The main challenge was normalizing content from five external nodes, each with slightly different field shapes and image handling. Rendering had to be defensive: missing fields fell back gracefully, and images were validated before display rather than assumed present.

What it does

01
Federated Follow Graph

Authors on any node can follow authors on any other node. The follow request is sent to the target node's inbox; acceptance is recorded locally. Unfollow events propagate the same way.

02
Visibility Tiers

Posts can be public (broadcast to all followers), friends-only (mutual follows), unlisted (linkable but undiscoverable), or private. Each tier routes to the correct inboxes with no manual filtering required on the receiver side.

03
Inbox Object Model

Every action is a typed JSON object POSTed to an inbox endpoint. The inbox is a simple append queue; the stream view is a computed merge of inbox objects and locally-known public content.

04
Higher User & Admin Control

Users gain greater control over the nodes and communities they engage with, while administrators have enhanced oversight of their communities and increased authority to enforce custom rules.

05
GitHub Activity Import

Connecting a GitHub account streams commit and repository events into the author's local feed as native post objects. Followers receive these on their stream just like hand-authored entries.

06
Image & Linked Media Entries

Authors can publish unlisted image entries and reference them from text posts, enabling rich media posts without hosting images inline.
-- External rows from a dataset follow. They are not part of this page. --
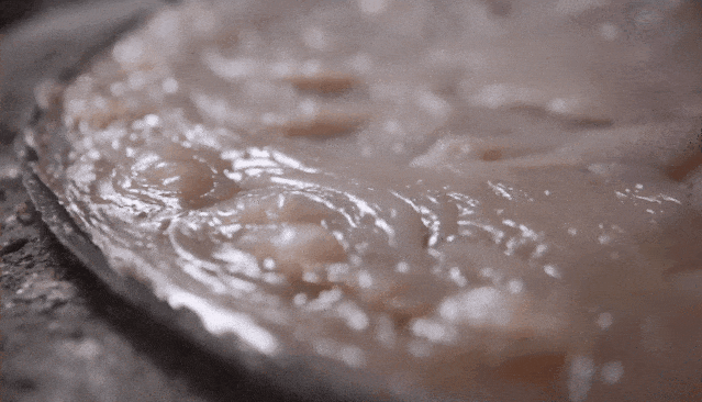 最费力气的部分需有男人来完成。高温下不停搅拌,淀粉持续糊化。一小时后,形成质地均匀的胶状。
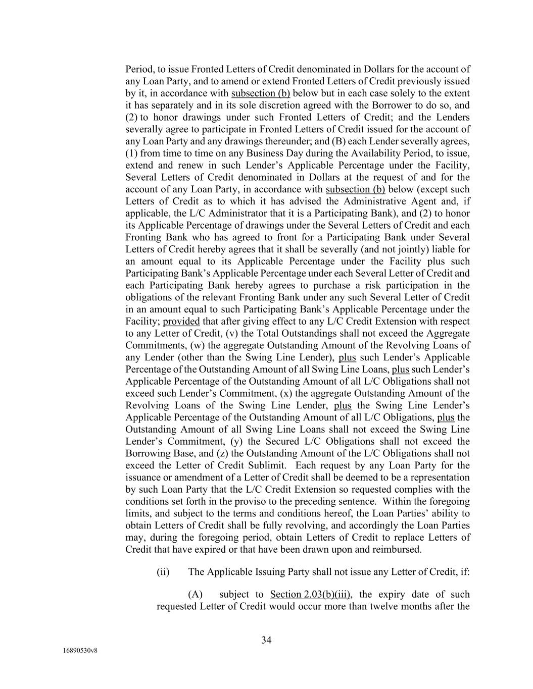 16890530v8 34 Period, to issue Fronted Letters of Credit denominated in Dollars for the account of any Loan Party, and to amend or extend Fronted Letters of Credit previously issued by it, in accordance with subsection (b) below but in each case solely to the extent it has separately and in its sole discretion agreed with the Borrower to do so, and (2) to honor drawings under such Fronted Letters of Credit; and the Lenders severally agree to participate in Fronted Letters of Credit issued for the account of any Loan Party and any drawings thereunder; and (B) each Lender severally agrees, (1) from time to time on any Business Day during the Availability Period, to issue, extend and renew in such Lender’s Applicable Percentage under the Facility, Several Letters of Credit denominated in Dollars at the request of and for the account of any Loan Party, in accordance with subsection (b) below (except such Letters of Credit as to which it has advised the Administrative Agent and, if applicable, the L/C Administrator that it is a Participating Bank), and (2) to honor its Applicable Percentage of drawings under the Several Letters of Credit and each Fronting Bank who has agreed to front for a Participating Bank under Several Letters of Credit hereby agrees that it shall be severally (and not jointly) liable for an amount equal to its Applicable Percentage under the Facility plus such Participating Bank’s Applicable Percentage under each Several Letter of Credit and each Participating Bank hereby agrees to purchase a risk participation in the obligations of the relevant Fronting Bank under any such Several Letter of Credit in an amount equal to such Participating Bank’s Applicable Percentage under the Facility; provided that after giving effect to any L/C Credit Extension with respect to any Letter of Credit, (v) the Total Outstandings shall not exceed the Aggregate Commitments, (w) the aggregate Outstanding Amount of the Revolving Loans of any Lender (other than the Swing Line Lender), plus such Lender’s Applicable Percentage of the Outstanding Amount of all Swing Line Loans, plus such Lender’s Applicable Percentage of the Outstanding Amount of all L/C Obligations shall not exceed such Lender’s Commitment, (x) the aggregate Outstanding Amount of the Revolving Loans of the Swing Line Lender, plus the Swing Line Lender’s Applicable Percentage of the Outstanding Amount of all L/C Obligations, plus the Outstanding Amount of all Swing Line Loans shall not exceed the Swing Line Lender’s Commitment, (y) the Secured L/C Obligations shall not exceed the Borrowing Base, and (z) the Outstanding Amount of the L/C Obligations shall not exceed the Letter of Credit Sublimit. Each request by any Loan Party for the issuance or amendment of a Letter of Credit shall be deemed to be a representation by such Loan Party that the L/C Credit Extension so requested complies with the conditions set forth in the proviso to the preceding sentence. Within the foregoing limits, and subject to the terms and conditions hereof, the Loan Parties’ ability to obtain Letters of Credit shall be fully revolving, and accordingly the Loan Parties may, during the foregoing period, obtain Letters of Credit to replace Letters of Credit that have expired or that have been drawn upon and reimbursed. (ii) The Applicable Issuing Party shall not issue any Letter of Credit, if: (A) subject to Section 2.03(b)(iii), the expiry date of such requested Letter of Credit would occur more than twelve months after the
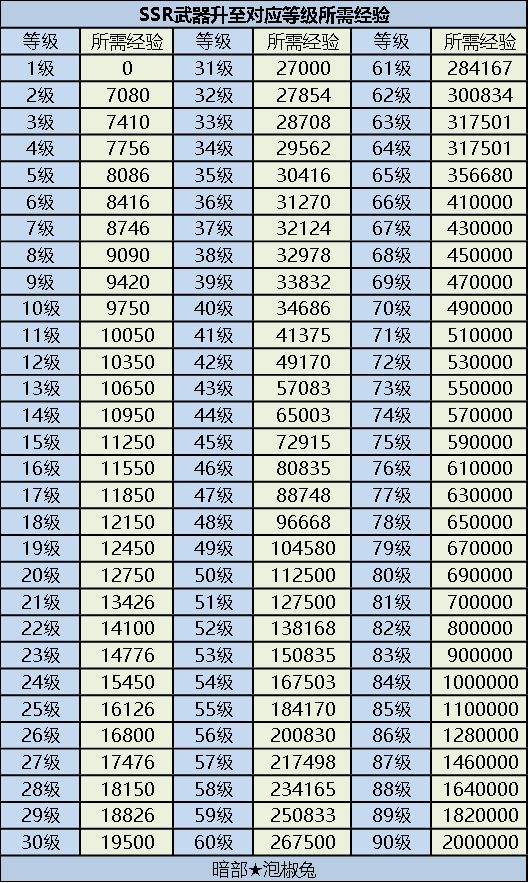 【忍村攻略】SSR武器经验表(暗部出品)
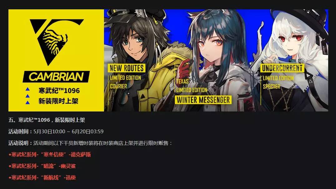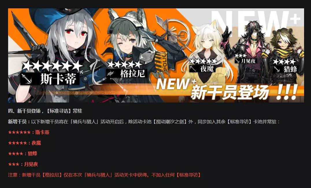 除去格拉尼以外的四个新增干员将在「骑兵与猎人」活动开启后,同步加入其余【标准寻访】卡池并常驻(也就是你在以后的标准池子里也可以抽出他们)。

The image URL is stable and dereferenceable across nodes.

What I learned

The hardest engineering problem was schema alignment. Each of the five external teams evolved their API subtly differently, field names drifted, optional fields became required, date formats shifted. Robust cross-node integration required writing adaptive serializers that could handle multiple payload shapes for the same object type.
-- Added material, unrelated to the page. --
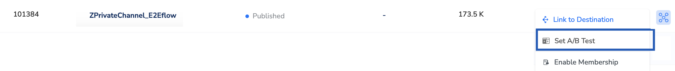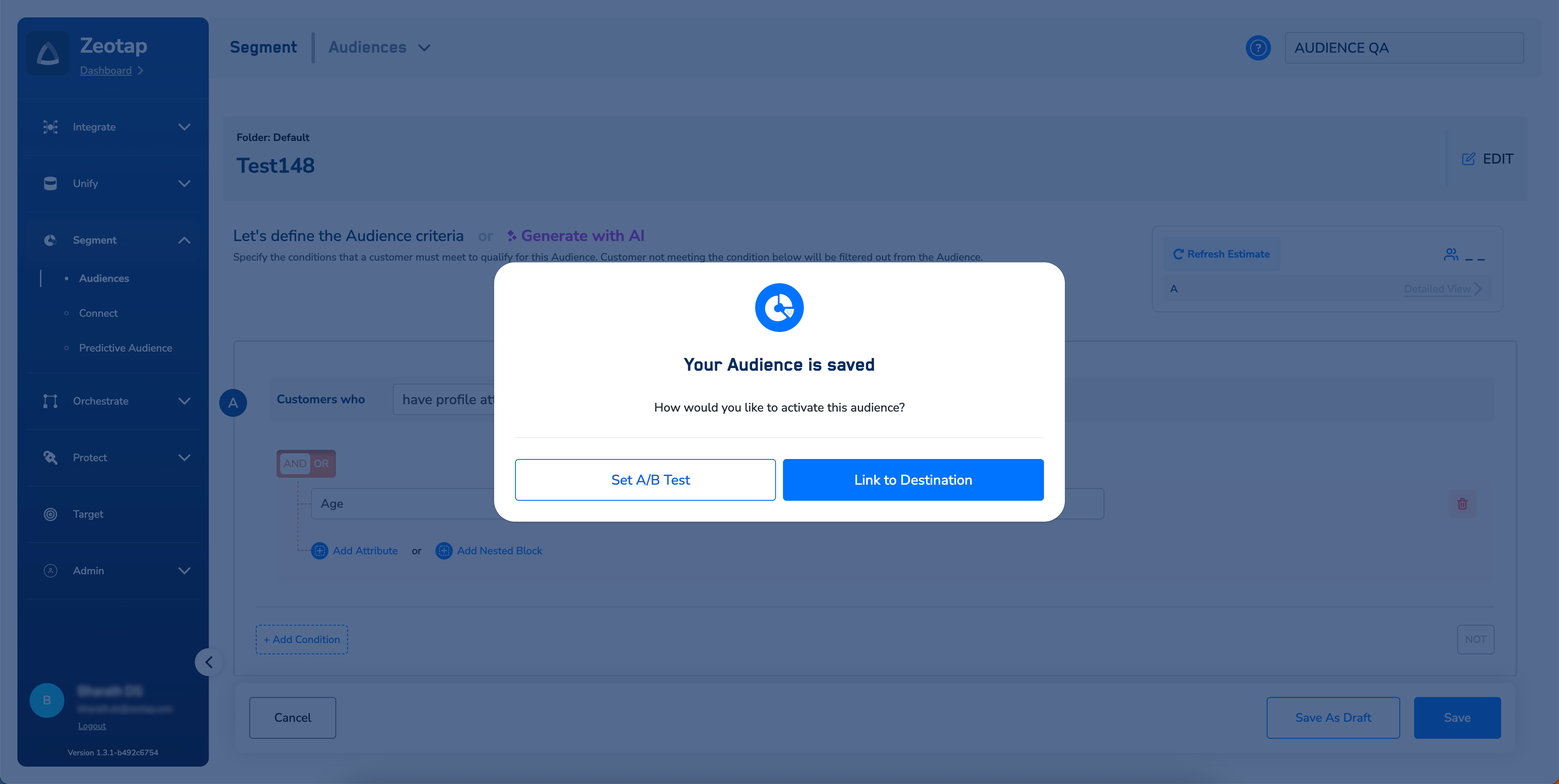 Once you have successfully applied the critera for your Audience, enable the A/B Test from the Audience activation screen by clicking Set A/B Test.

Working against live external systems also meant debugging failures with no stack traces. I learned to approach distributed systems defensively: log everything on ingestion, validate payload shapes at the boundary, and degrade gracefully when a remote node is unreachable rather than propagating errors to the user.

Key Takeaway

Building a distributed system taught me that the hardest problems aren't algorithmic, they're coordination problems. Clear API contracts, consistent data shapes, and defensive ingestion logic matter far more than clever code.

On the product side, designing the stream experience surfaced interesting UX questions unique to federation. When content arrives from a node that is temporarily offline, how do you indicate origin? When a like is sent but delivery fails, should it retry silently or surface an error? These aren't hypothetical edge cases, they happened in every demo.

The project gave me hands-on experience with the architecture that underpins real federated platforms like Mastodon, and a much stronger intuition for REST API design, distributed data ownership, and the tradeoffs between consistency and availability in a system with no central coordinator.

Skills Built

REST API design & versioning, cross-team API negotiation, Django serializers, async delivery patterns, multi-node integration testing, full-stack ownership from models to UI.